È chiaro che gli addetti ai lavori sono al corrente del grado d'incertezza insito in qualunque teoria. Eppure gli stessi scienziati che così spesso - e giustamente - raccomandano che ognuno si occupi del proprio campo e di non dare retta a tutte le falsità che si sentono in giro, si sono loro stessi trasformati in organizzatori di tale gioco!

Fra premi Nobel autentici, di seconda scelta, ronin esiliati e medici cancellati dall'Albo, quali sarebbero, esattamente, le notizie "vere" a cui il pubblico dovrebbe prestar fede e far riferimento?

Personalmente sono sempre stato a favore dei vaccini in generale. Considero le posizioni degli antivaccinisti inutilmente estremizzate, dimenticano che in passato i vaccini hanno salvato molte vite.

D'altra parte oggi, con un industriale miliardario riciclatosi filantropo salvatore dell'umanità, dopo aver perso le speranze come produttore di sistemi operativi per computer, che annuncia con la più grande naturalezza che "non potremo tornare alla normalità fino a che tutti gli abitanti della terra non saranno stati vaccinati" - eccetto i suoi figli, ai quali in passato aveva già detto che non ne avrebbe fatto somministrare alcuno - e con tutte le notizie contraddittorie malamente propalate da una moltitudine di esperti che appaiono a volte autisticamente in contrasto con il senso comune, confesso che non riuscirei a sentirmi sicuro nel farmi iniettare una sostanza messa insieme in fretta e furia, prodotta da Bill Gates o da altri. Non per acquisita contrarietà ai vaccini, ma perché il metodo e il processo in questo caso sono sbagliati.
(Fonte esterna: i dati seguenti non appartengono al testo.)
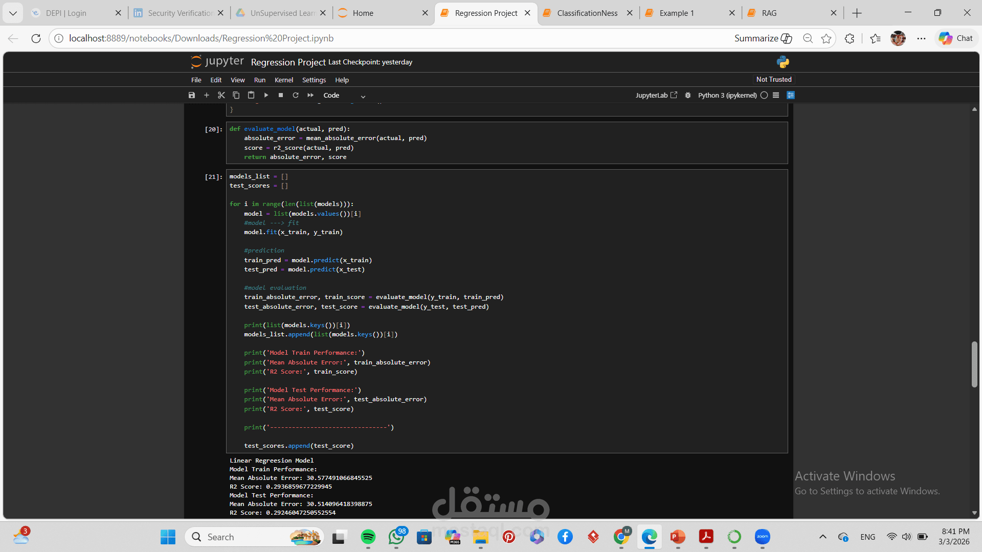 ✔️ تطبيق عدة نماذج انحدار مثل: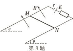8.D 解析:根据左手定则可知,安培力方向沿斜面向上,选项A错误;导体棒受到的安培力大小$F_{安} = BId = 0.5 × 0.8 × 0.6N = 0.24N$,选项B错误;由于$mg\sin24^{\circ} = 0.03 × 10 × 0.4N = 0.12N < F_{安}$,可知导体棒受到的摩擦力沿斜面向下,选项C错误;导体棒恰好能保持静止,根据受力平衡可得$mg\sin24^{\circ} + f = F_{安}$,解得$f = 0.12N$,又$f = \mu N = \mu mg\cos24^{\circ}$,解得导体棒与导轨间的动摩擦因数$\mu = \frac{4}{9}$,选项D正确。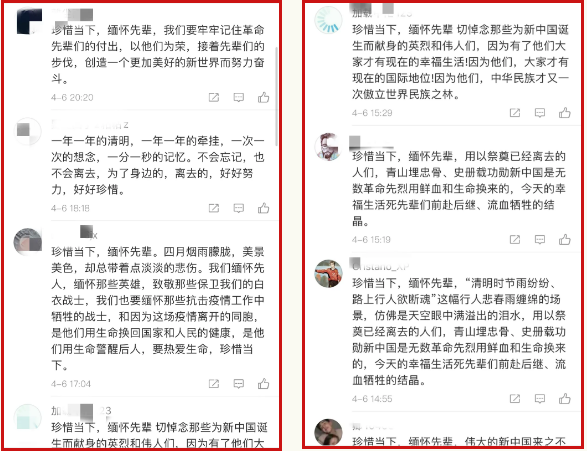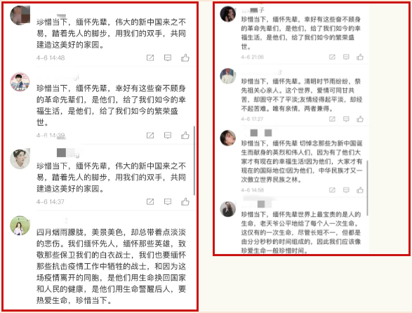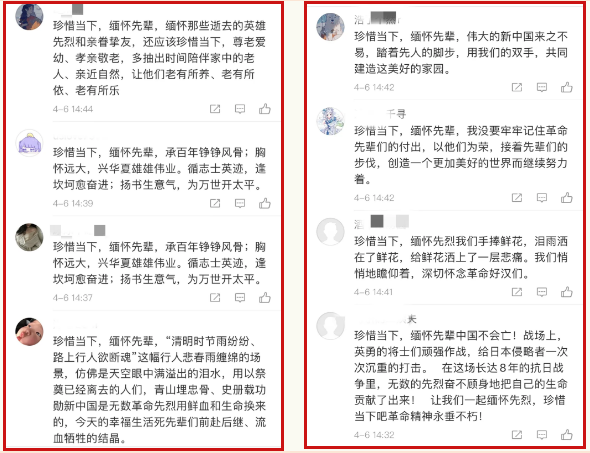 不论是为中国革命英勇献身的先烈,还是在这次疫情中的“逆行英雄”他们的感人事迹都值得我们每个人铭记。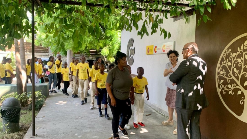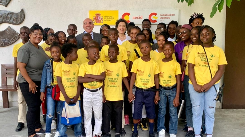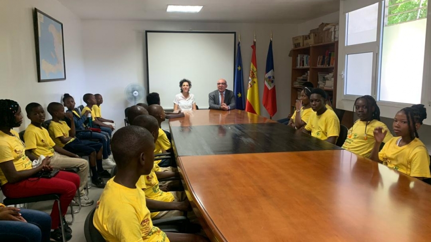 El embajador de España en Haití recibe a niños y jóvenes de la escuela de verano de la REFKAD (Rezo Fanm Kapab d'Ayiti)
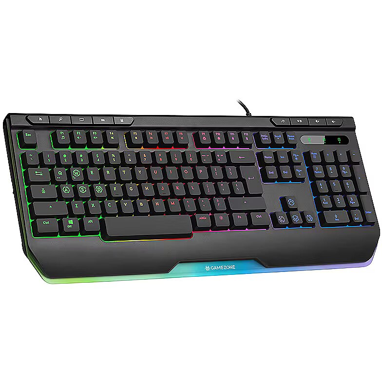 Description - Tracer GAMEZONE RAY X USB gaming keyboard Get ready for exciting gaming with the Tracer RAY X keyboard that will help you crush your opponent. The keyboard is perfect for both a beginner player and an advanced gaming freak. High button travel, currently most frequently chosen by gamers due to its precision of movement, well-thought-out design and high-quality workmanship allow for comfortable use not only during gaming, but also for everyday office work. An interesting visual variation is the LED backlighting of the keys, which will certainly make using the keyboard more enjoyable during evening gaming marathons. The RAY X keyboard belongs to the popular GAMEZONE line designed specifically to meet the needs of demanding gamers who expect advanced functions and parameters from gaming equipment. High-quality materials used to make GAMEZONE products guarantee long service life even with very intensive use. Equipped with additional functions, you can adapt them perfectly to your needs. 26 Rollover keys 11 multimedia buttons Anti-ghosting function High key travel RGB backlight USB connection RGB backlight Impressive rainbow illumination will make the evening games more enjoyable. Multi-colored LED backlighting of the keys will allow you to adjust the appearance of the Tracer RAY X keyboard to your style and mood. Enhance your gaming experience thanks to modern RGB backlighting. Advantage during the game Maintain full control while playing. The Anti-ghosting function will ensure that nothing will disturb you when you press several keys at the same time to issue a key command. Anti-ghosting ensures optimal gaming performance and full control when issuing multiple commands simultaneously, even if that means pressing all buttons on the keyboard at the same time. Multimedia keys and high quality The Tracer RAY X keyboard is equipped with 11 multimedia buttons, which significantly increase the user's comfort when using the device. Using them, you can, for example, quickly manage sound.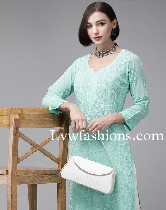 Beautiful Premium Georgette Long Kurta With Slip Chikankari & Kamdani Embroidery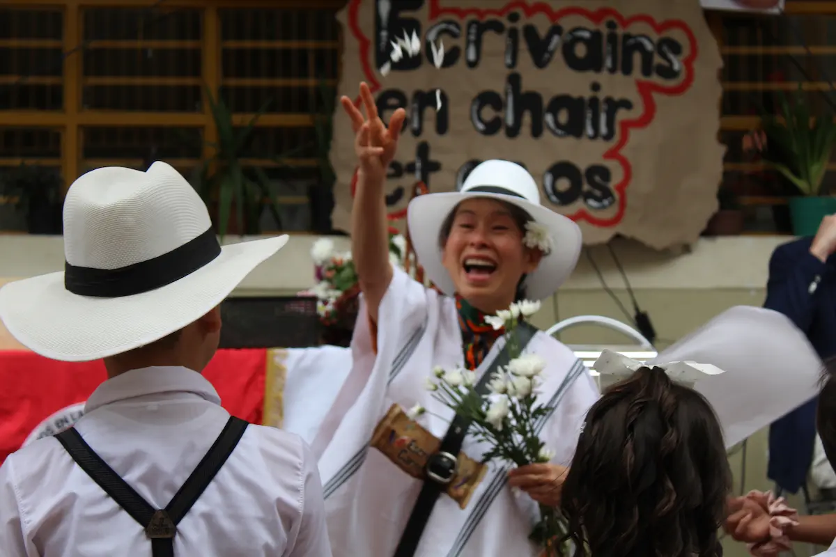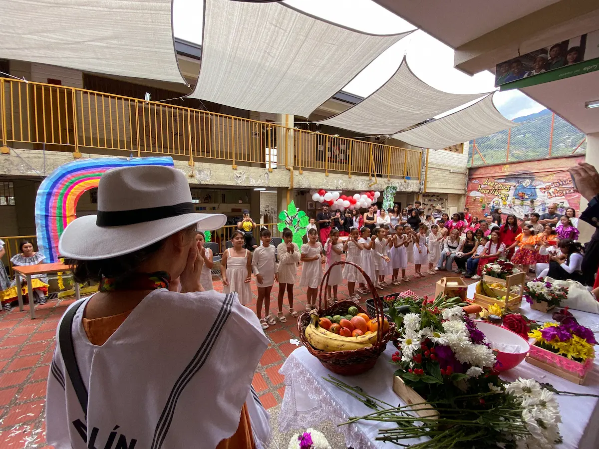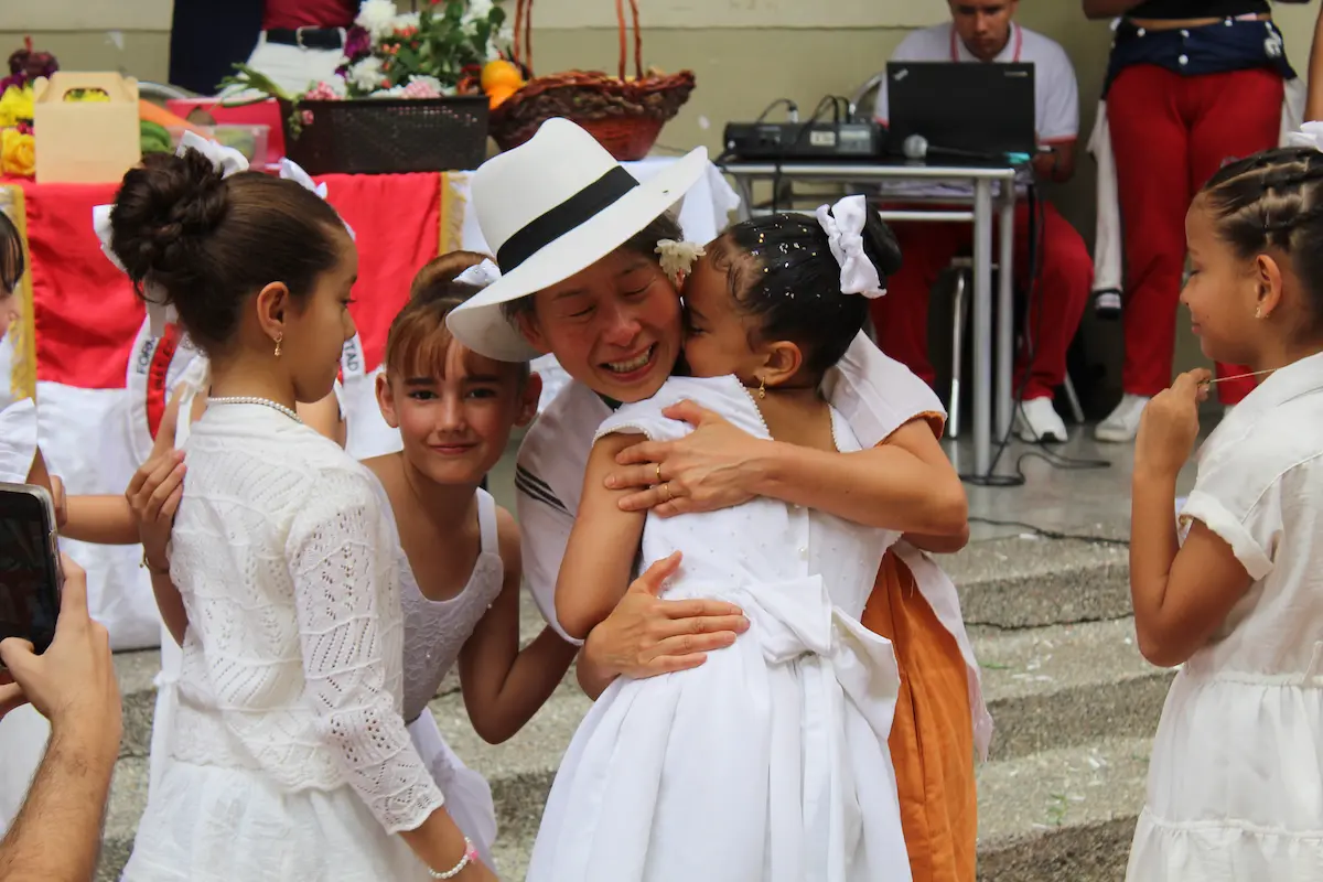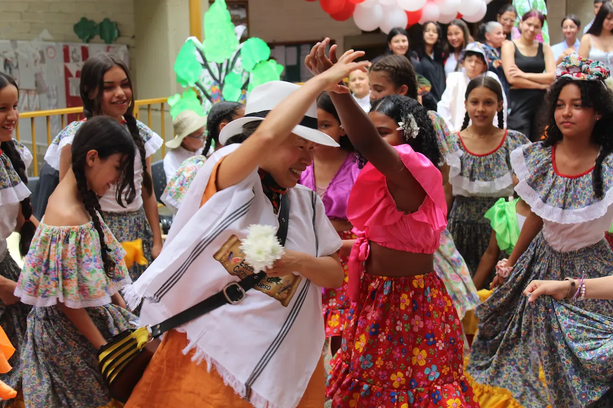El encuentro tuvo lugar en la cancha central del colegio, el mismo espacio donde se celebran los actos cívicos. Desde temprano, las dos jornadas —mañana y tarde— se unieron para darle la bienvenida. Los más pequeños iniciaron la presentación mostrando a Kim la cultura colombiana: la plaza de mercado, las frutas, la comida, la música y el baile. Vestidos con trajes típicos, le ofrecieron una fiesta llena de color y alegría. Kim, visiblemente conmovida, no pudo contener las lágrimas ante la belleza y el cariño de aquel recibimiento.

Non mi pare siano stati ancora prodotti studi epidemiologici convincenti su come i vari ceppi di questo virus attaccano l'uomo. Se risultasse che solo una parte della popolazione ne sarebbe affetta, ad esempio solo gli anziani o i portatori di certe condizioni, perché vaccinarsi tutti? Se non sbaglio, i vaccini antinfluenzali attuali sono consigliati soprattutto alle persone in età avanzata. Inoltre in altri paesi, come quelli dell'ex blocco sovietico, se la sono cavata molto meglio di noi. Quindi andrebbe innanzitutto capito perché. E poi trovata una soluzione di conseguenza, che tenga conto della diversità di condizioni.

Sarebbe facile cedere a un'ottica complottista, eppure altrettanto difficile pensare che qualcuno non stia vedendo l'ora di trarre un bel vantaggio da questi eventi. Magari per serendipity. Sia chi vende, sia chi inventa un prodotto sono entrambi incentivati a venderne di più. Il primo per guadagnare, il secondo per vedere valorizzato il proprio lavoro.

Anticipo qualunque critica del tipo "eh ma tu non sei virologo biologo infettivologo sei uno psicoterapeuta quindi non hai titolo per parlare di queste cose" e rispondo che se uno psicologo ha le idee più lucide di altri, la colpa non è dello psicologo. È di chi apre bocca senza prima mettersi d'accordo con i colleghi, ottenendo in tal modo di far fare a tutti una pessima figura.

Il medico che vede ogni giorno pazienti e non sta tutto il giorno in laboratorio, ne è perfettamente consapevole. Non si azzardano diagnosi a cuor leggero.

Altrimenti il rischio è di incorrere proprio nell'errore che debunker e scettici denunciano nei confronti delle pseudoscienze: quello di fare dichiarazioni non verificate.